Enclume de la collection de Pierre Wegmüller exposée au musée du fer à Vallorbe durant l'été 2012. Enclume forgée, empattement à deux étages, deux sceaux de Salomon, croix latine sur triangle, croix de Malte. Multifonctions. Originaire des Vosges. Datée de 1734. Poids: 120 kg environ.

Le rapport de l’élégance

Nous nous attarderons donc sur la forge et ses accessoires puis qu’ils investissent un angle, un mur ou le centre de chaque atelier. Généralement le foyer est adossé contre un gros mur au-dessous d’un corps de cheminée dans lequel s’enlève la fumée. Mapod, dans son Manuel du forgeron, décrit une autre disposition qu’il considère comme idéale. Cette forge «différait des forges ordinaires en ce qu’elle était construite au milieu de l’atelier ; la partie inférieure faite en briques et de forme circulaire s’élevait sur un soubassement fait avec de larges pierres carrées à demi noyées dans le sol. On avait réservé dans ce bâti de briques une espèce de four destiné à contenir le charbon, les outils, les pinces, les broches et autres ustensiles. Le bâti circulaire en briques était couronné par un vaste tablier en tôle forte, renforcée sur les bords relevés d’une tringle de fer circulaire, sur laquelle était repliée la tôle. Ce tablier dépassant le bâti de trois décimètres environ était supporté par des poteaux en fer forgé, scellé dans le corps du bâti.

Au centre du tablier s’élevait de 25 centimètres le contre-foyer en briques à plat, servant d’appui aux deux foyers opposés. Le garde fumée que l’on nomme le ventail ou vulgairement la hotte, affectait la forme d’un vaste entonnoir de tôle renversé, se terminant par un tuyau coudé qui faisait passer au dehors la fumée et la vapeur du charbon. Deux soufflets de dimension moyenne alimentaient les deux foyers. Cette forge avait cela de commode qu’on pouvait tourner autour et forger deux personnes à la fois sans risque de se rencontrer et de se gêner l’un l’autre : mais c’est particulièrement sous le rapport de l’élégance qu’elle attira mon attention».

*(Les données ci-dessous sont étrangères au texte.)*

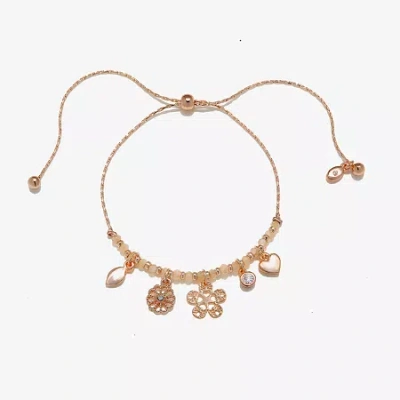 Delicates Rose Tone Womens Flower Charm Bracelet In Gold
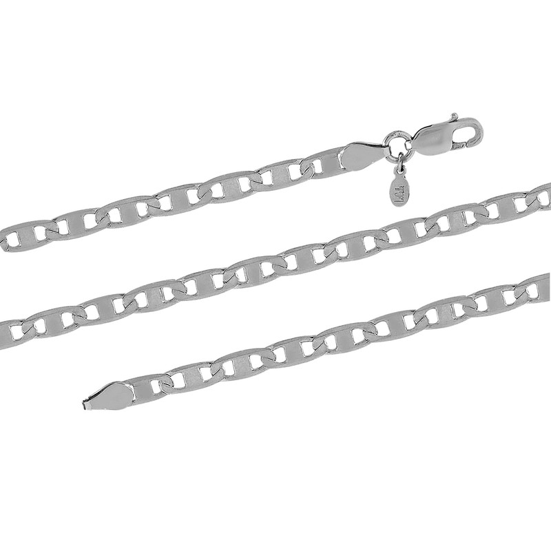 LeCalla 925 Sterling Silver Rhodium Plated 4 MM Italian Diamond-Cut Solid Flat Mariner Link Chain Necklace for Teen and Women 16 Inches
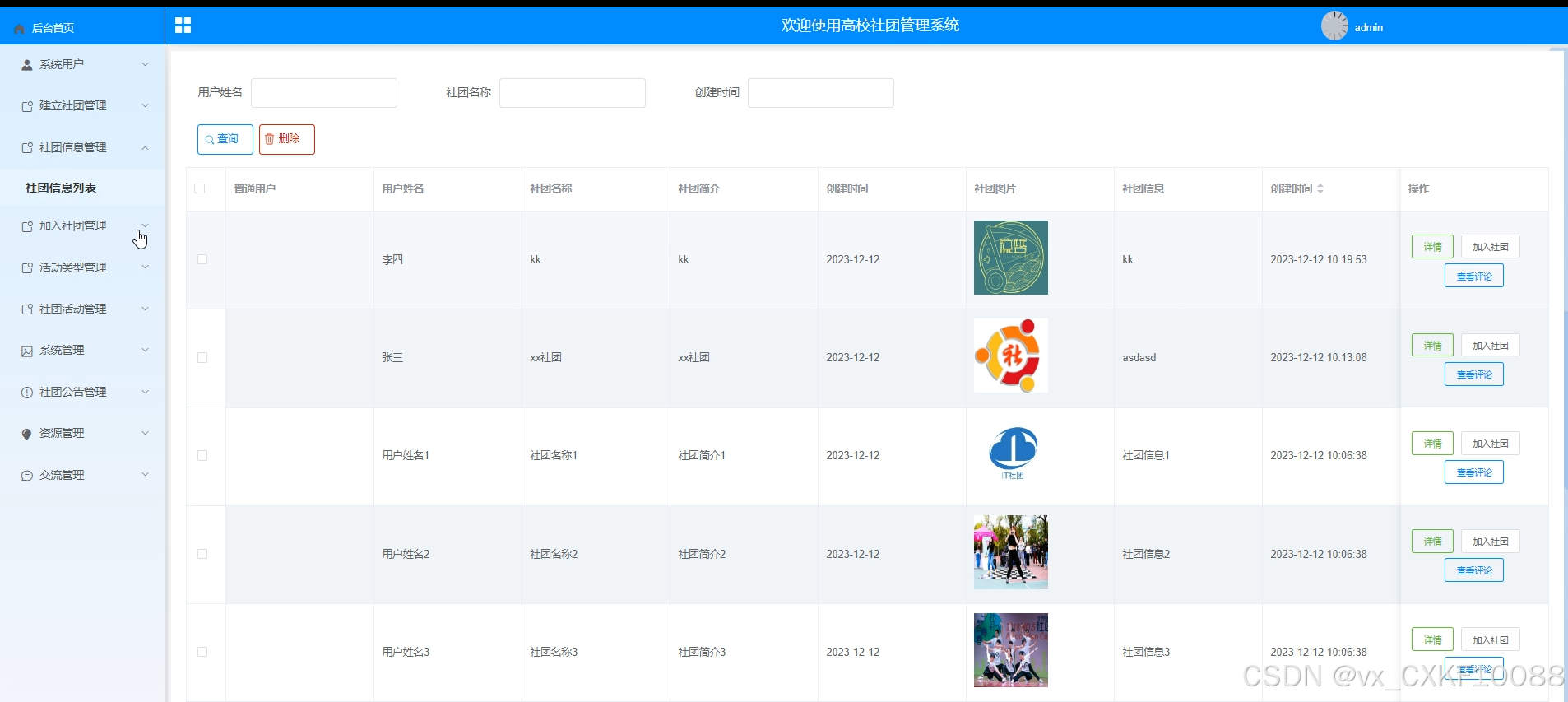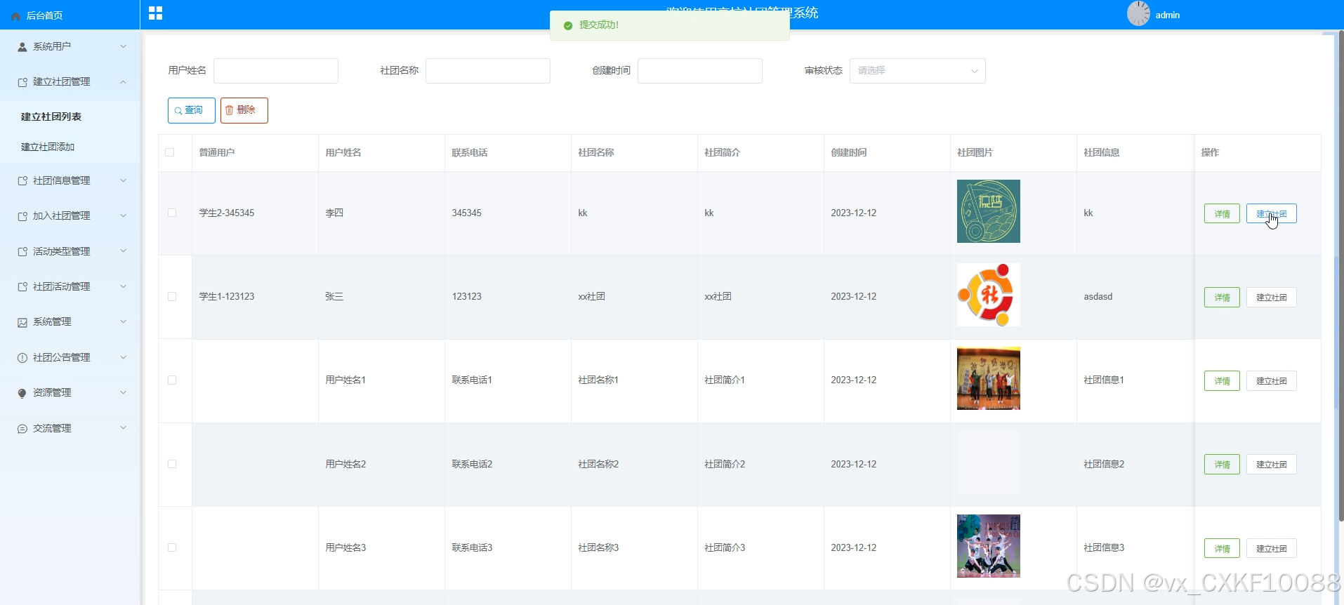 (2)建立社团管理:管理员可以对系统建立社团进行增删改查。
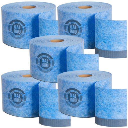 Das Wannendichtband HN05 ist ein spezielles Trilaminat-Dichtband in blauer Farbe mit hochwertigem, quer elastischen Polypropylen-Vlies und hochqualitativem Dichtgewebe aus thermolastischem Elastomer 100%. Das spezielle Polyester-Vlies mit erhöhtem Stückgewicht beidseitig des Elastomer-Kerns sorgt für den optimalen Verbund zwischen der Dichtbahn und allen flüssigen Polymer- und Polymerzement-Dichtmassen von HALBAU. Das Wannendichtband HN05 ist einseitig mit Butylklebstreifen versehen, wodurch anwendungstechnische Fehler wegfallen können, das Einlegen fällt noch leichter, die Abdichtung und der Verbund sind noch präziser. Das eingesetzte hochwertige Elastomer ist UV-beständig, alterungsbeständig, dauerhaft elastisch und thermoplastisch.
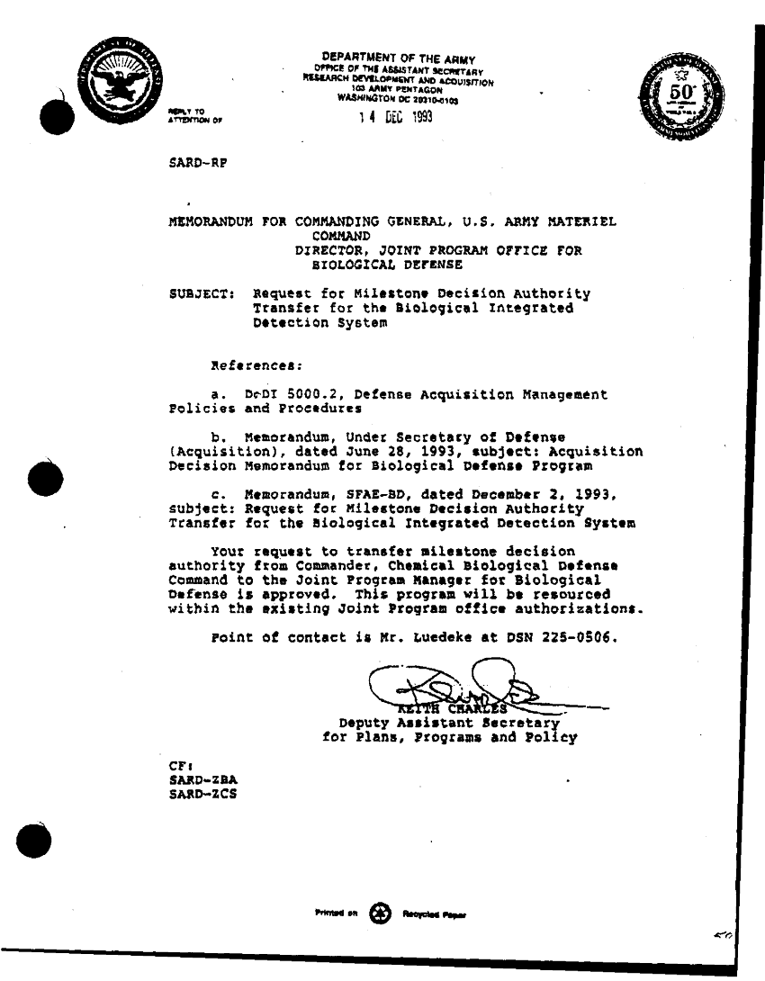 Document 1 f:/Week-36/BX003203/REQUEST FOR MILESTONE DECISION AUTHORITY TRANSFER/request for milestone decision authority transfe:11089615092235
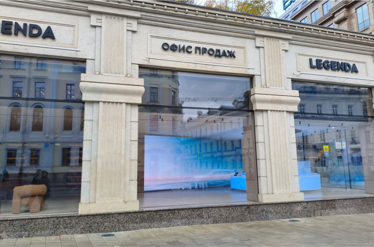 Компания Future Vision изготовила и установила современный светодиодный экран для офиса продаж девелопера LEGENDA в городе Москва. Светодиодная стена размером 7 040 х 2 880 мм стала ярким технологичным акцентом всего помещения. С помощью LED стены застройщик сможет презентовать жилые комплексы и другие решения компании более креативно, эффективно и динамично в сравнении со статичными изображениями. Частота обновления 3840 Гц и малый шаг пикселя Р1.25 обеспечивают повышенное качество изображения с минимального расстояния.
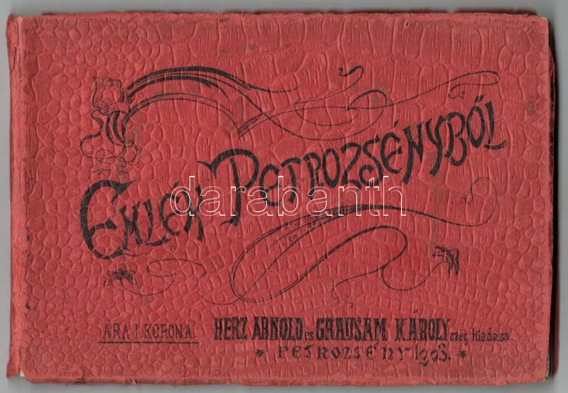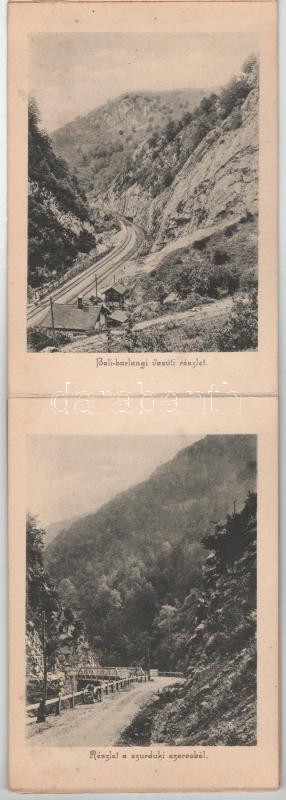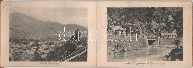 Petrozsény, Petrosani; Emlék Petrozsényből. Herz Arnold és Grausam Károly czég kiadása 1903. - Nem képeslapos leporellófüzet 16 képpel (vasútállomás, szénosztályozó, nyugati főtárna, iparvasút, gőzmozdony, igazgatósági lak, Petrillai bányatelep, román-magyar határhíd, Boli barlang vasúti alagút, havasi oláhok) / non-postcard leporello booklet with 16 pictures (railway station and tunnel, industrial railway, locomotive, Petrila mine, Romanian-Hungarian border bridge, Romanian folklore)

Enclume 34bis expo W Vallorbe 2012

Enclume de la collection de Pierre Wegmüller exposée au musée du fer à Vallorbe durant l'été 2012. Enclume forgée, empattement à deux étages, deux sceaux de Salomon, croix latine sur triangle, croix de Malte. Multifonctions. Originaire des Vosges. Datée de 1734. Poids: 120 kg environ.

L’eau sur le feu

A proximité du foyer, l’ouvrier doit disposer d’un baquet à charbon avec une pelle de bois ou de fer, ou plus simplement une main de fer qui est une petite pelle très courte en tôle repliée ; il doit également atteindre d’un geste aune auge de pierre remplie d’eau où attend un goupillon fait en crin et en fer, servant à jeter de l’eau sur le feu pour l’animer.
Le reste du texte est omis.